>>>>

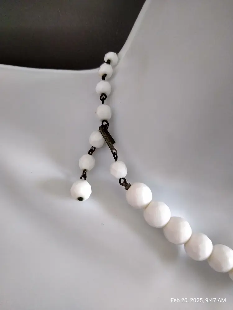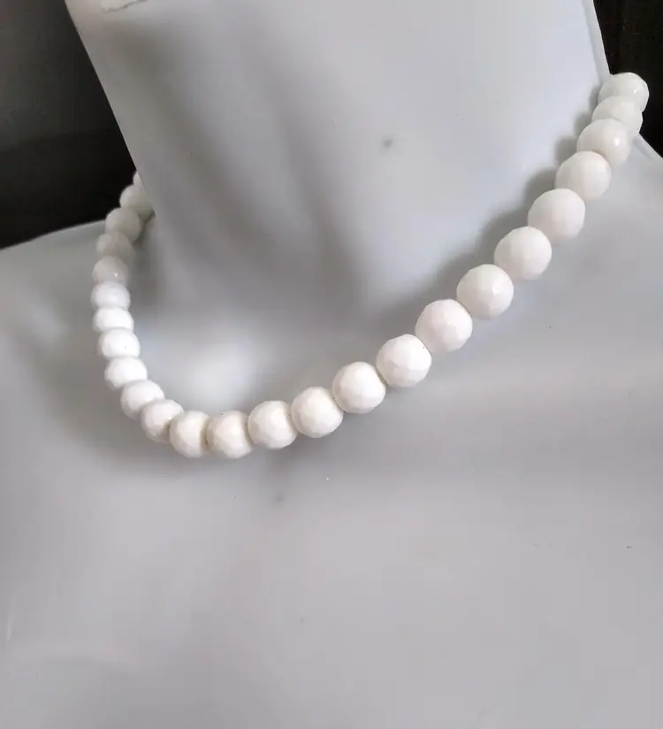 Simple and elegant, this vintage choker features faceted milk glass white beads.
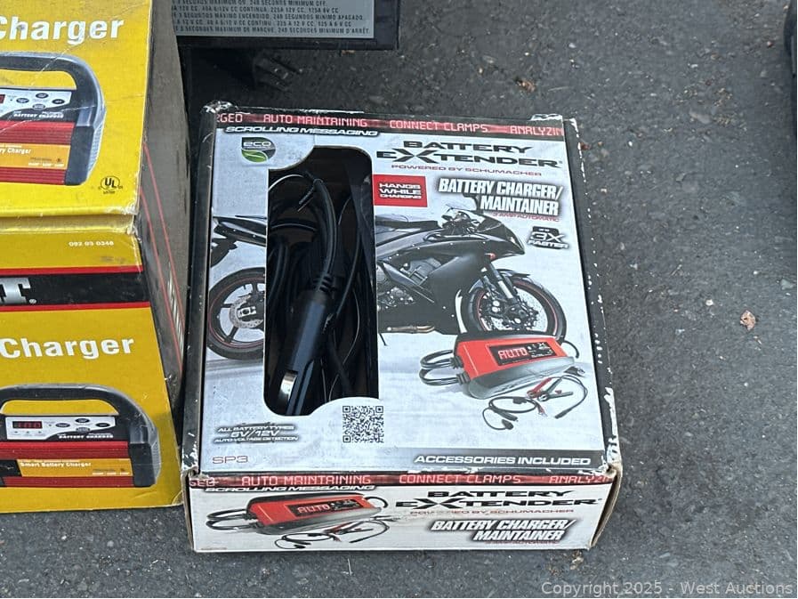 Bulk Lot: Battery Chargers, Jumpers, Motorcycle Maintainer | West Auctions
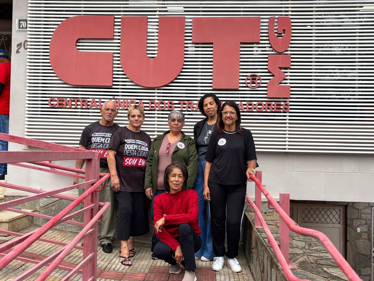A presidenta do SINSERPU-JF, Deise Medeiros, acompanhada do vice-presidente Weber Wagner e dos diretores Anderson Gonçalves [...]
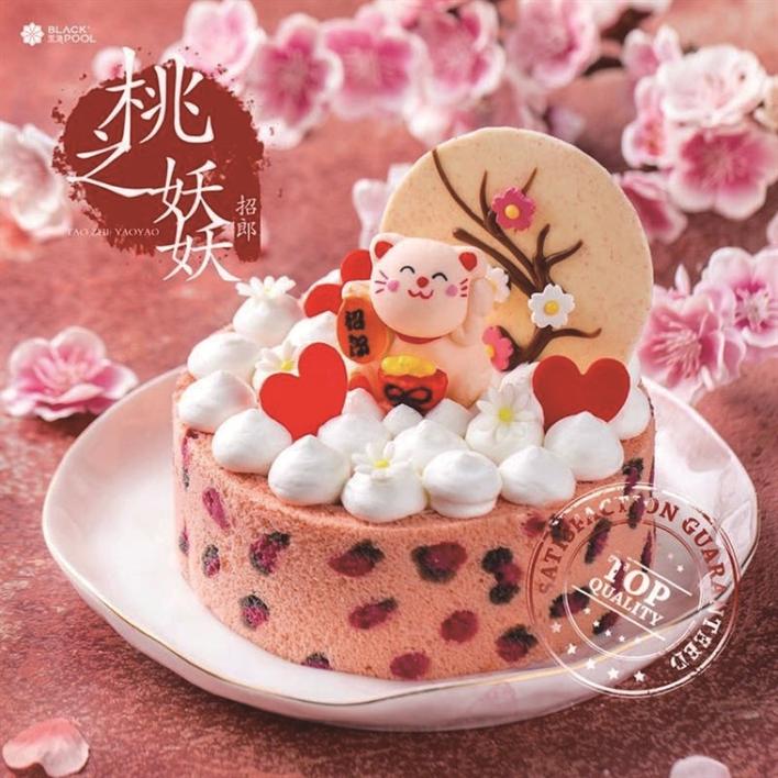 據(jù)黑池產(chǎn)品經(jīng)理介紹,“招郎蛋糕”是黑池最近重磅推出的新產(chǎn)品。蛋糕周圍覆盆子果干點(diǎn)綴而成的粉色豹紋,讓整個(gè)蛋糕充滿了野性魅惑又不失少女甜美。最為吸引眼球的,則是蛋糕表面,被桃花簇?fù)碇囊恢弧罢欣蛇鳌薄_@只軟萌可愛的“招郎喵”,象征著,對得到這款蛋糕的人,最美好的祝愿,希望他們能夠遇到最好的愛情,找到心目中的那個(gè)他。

<<<<
>>>>

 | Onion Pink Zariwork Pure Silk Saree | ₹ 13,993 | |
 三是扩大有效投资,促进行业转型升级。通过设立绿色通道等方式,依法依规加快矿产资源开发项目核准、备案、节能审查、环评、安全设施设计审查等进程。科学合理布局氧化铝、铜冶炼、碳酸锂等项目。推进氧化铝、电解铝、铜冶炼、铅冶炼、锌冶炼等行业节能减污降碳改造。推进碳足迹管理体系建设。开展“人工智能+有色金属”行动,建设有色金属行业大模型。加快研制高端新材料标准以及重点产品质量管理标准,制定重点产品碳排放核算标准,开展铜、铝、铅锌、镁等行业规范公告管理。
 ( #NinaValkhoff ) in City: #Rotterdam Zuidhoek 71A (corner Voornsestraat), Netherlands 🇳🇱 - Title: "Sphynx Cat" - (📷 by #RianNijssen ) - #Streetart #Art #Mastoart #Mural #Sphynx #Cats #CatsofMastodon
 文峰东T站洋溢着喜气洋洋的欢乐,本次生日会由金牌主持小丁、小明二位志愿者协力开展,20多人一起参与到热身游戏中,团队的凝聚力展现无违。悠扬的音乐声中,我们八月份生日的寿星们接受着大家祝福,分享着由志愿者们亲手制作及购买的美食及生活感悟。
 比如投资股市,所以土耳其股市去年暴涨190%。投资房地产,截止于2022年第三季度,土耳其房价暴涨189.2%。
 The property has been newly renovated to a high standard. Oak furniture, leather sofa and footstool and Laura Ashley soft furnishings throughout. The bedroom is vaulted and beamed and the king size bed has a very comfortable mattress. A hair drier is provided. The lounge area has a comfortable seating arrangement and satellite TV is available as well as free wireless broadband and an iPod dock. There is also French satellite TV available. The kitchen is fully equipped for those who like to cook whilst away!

<<<<

- [Problem to work on] Copy the lines above exactly, starting at the one with "Simple and elegant, this" and ending at the one with "據(jù)黑池產(chǎn)", both included. Leave out any pictures and add nothing else.

- [Solution for this problem]
 Simple and elegant, this vintage choker features faceted milk glass white beads.
 Bulk Lot: Battery Chargers, Jumpers, Motorcycle Maintainer | West Auctions
A presidenta do SINSERPU-JF, Deise Medeiros, acompanhada do vice-presidente Weber Wagner e dos diretores Anderson Gonçalves [...]
 據(jù)黑池產(chǎn)品經(jīng)理介紹,“招郎蛋糕”是黑池最近重磅推出的新產(chǎn)品。蛋糕周圍覆盆子果干點(diǎn)綴而成的粉色豹紋,讓整個(gè)蛋糕充滿了野性魅惑又不失少女甜美。最為吸引眼球的,則是蛋糕表面,被桃花簇?fù)碇囊恢弧罢欣蛇鳌薄_@只軟萌可愛的“招郎喵”,象征著,對得到這款蛋糕的人,最美好的祝愿,希望他們能夠遇到最好的愛情,找到心目中的那個(gè)他。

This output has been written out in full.